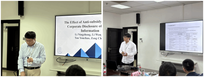 下午前半场由av直播 的周楷唐老师主持论文的报告与点评环节。暨南大学谭有超老师为大家带来了“The Effect of Anti-subsidy Actions on Corporate Disclosure of Subsidy Information”的论文汇报。谭有超老师指出,WTO禁止政府在出口过程中向企业发放禁止性补贴,并对禁止性补贴的定义进行了介绍。在理论逻辑方面,即使公司不清楚外部将如何利用披露的补贴信息,由于禁止性补贴在裁量过程中存在极大不确定性,企业仍会选择减少披露的补贴信息。苏州大学顾乾坤老师对论文进行了点评,建议可以区分反补贴和反倾销调查,以排除反倾销调查的影响。顾乾坤老师也提出了加入区分外资企业入股控制变量的意见,并就企业选择披露或不披露补贴信息的动机和与会老师进行了充分讨论。
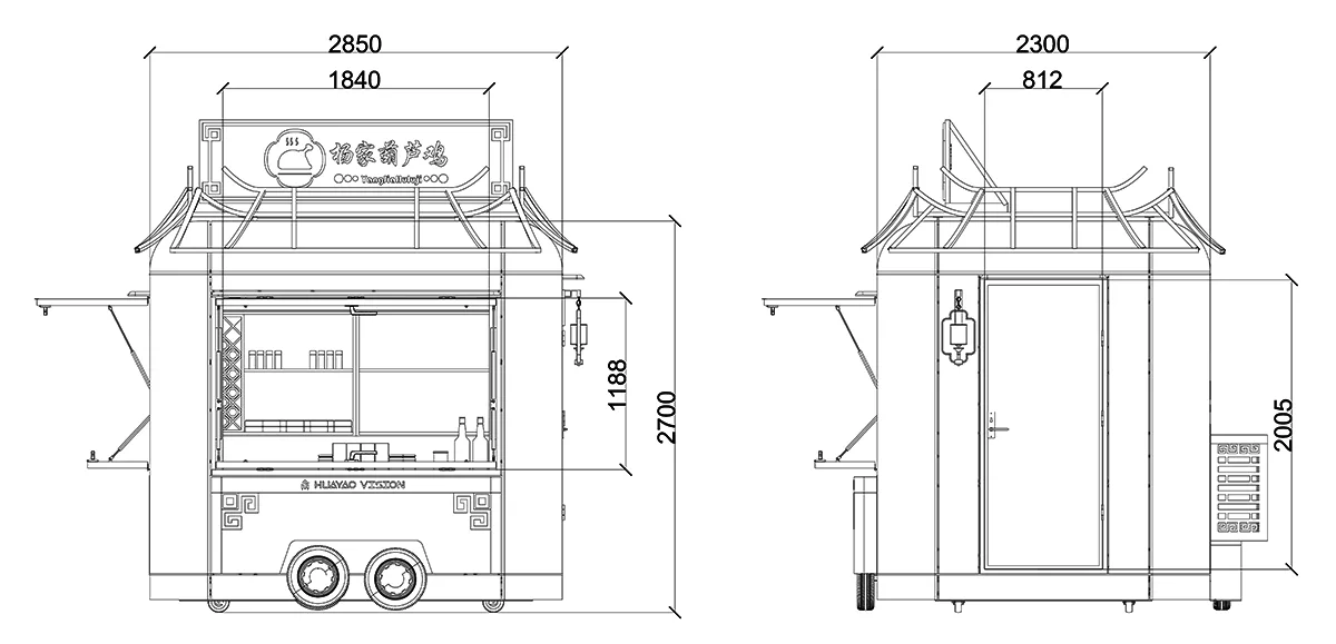 Coffee Food Trailer utitur gravi officio chassis chassis structurae, quae glutino et anti- imbre curatione roborata est, paribus ratio suspensarum qualitatum et fatigatio repugnantis, ut idoneus ad trahendum ac stabilem ac durabilem ad usum, ad varias condiciones viae ut circulos, scenicas maculas, officium structurae circumstantium, inserviens vita plusquam 10 annorum. Raeda corpus coopertum est materia corrosioni-resistenti, sustinentes notam capulus adaptationem et LOGO csscationem; interiores usus 304 graduum ciborum incorrupta tabulata ferro, cum materia velitatione in medio strato referta, et anti-lapsum INCILE contignationem attentis hygiene operandi et stabilitatem in ambitus efficiendi capulus.
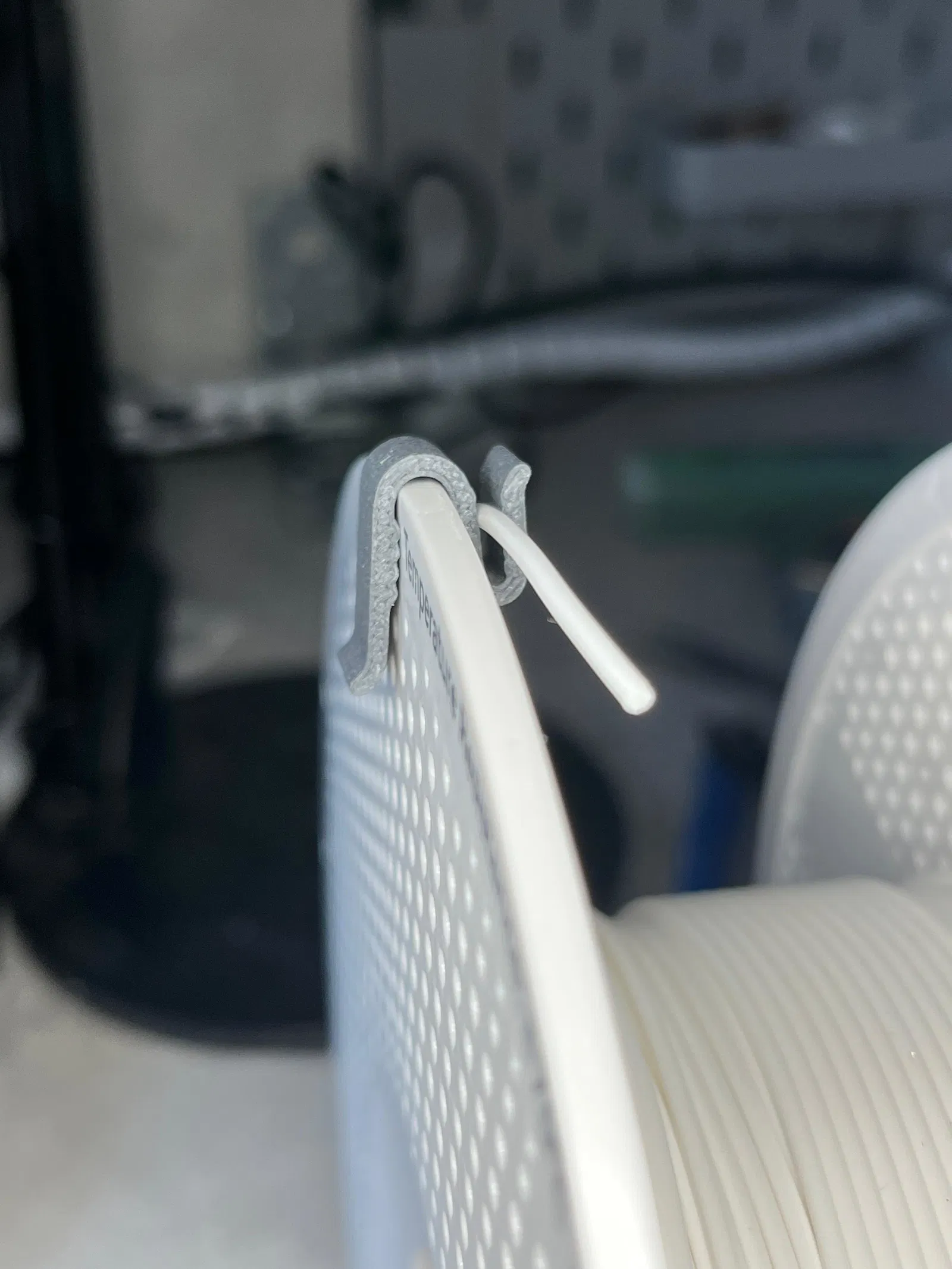 Kẹp chỉ cần bấm (snap) vào mép cuộn filament spool và giữ sợi nhẹ nhàng, không bẻ filament quá gắt.

——

_How to complete this task_.
Would you write out the data exactly, with no pictures in the copy?

_Answer space_.
 下午前半场由av直播 的周楷唐老师主持论文的报告与点评环节。暨南大学谭有超老师为大家带来了“The Effect of Anti-subsidy Actions on Corporate Disclosure of Subsidy Information”的论文汇报。谭有超老师指出,WTO禁止政府在出口过程中向企业发放禁止性补贴,并对禁止性补贴的定义进行了介绍。在理论逻辑方面,即使公司不清楚外部将如何利用披露的补贴信息,由于禁止性补贴在裁量过程中存在极大不确定性,企业仍会选择减少披露的补贴信息。苏州大学顾乾坤老师对论文进行了点评,建议可以区分反补贴和反倾销调查,以排除反倾销调查的影响。顾乾坤老师也提出了加入区分外资企业入股控制变量的意见,并就企业选择披露或不披露补贴信息的动机和与会老师进行了充分讨论。
 Coffee Food Trailer utitur gravi officio chassis chassis structurae, quae glutino et anti- imbre curatione roborata est, paribus ratio suspensarum qualitatum et fatigatio repugnantis, ut idoneus ad trahendum ac stabilem ac durabilem ad usum, ad varias condiciones viae ut circulos, scenicas maculas, officium structurae circumstantium, inserviens vita plusquam 10 annorum. Raeda corpus coopertum est materia corrosioni-resistenti, sustinentes notam capulus adaptationem et LOGO csscationem; interiores usus 304 graduum ciborum incorrupta tabulata ferro, cum materia velitatione in medio strato referta, et anti-lapsum INCILE contignationem attentis hygiene operandi et stabilitatem in ambitus efficiendi capulus.
 Kẹp chỉ cần bấm (snap) vào mép cuộn filament spool và giữ sợi nhẹ nhàng, không bẻ filament quá gắt.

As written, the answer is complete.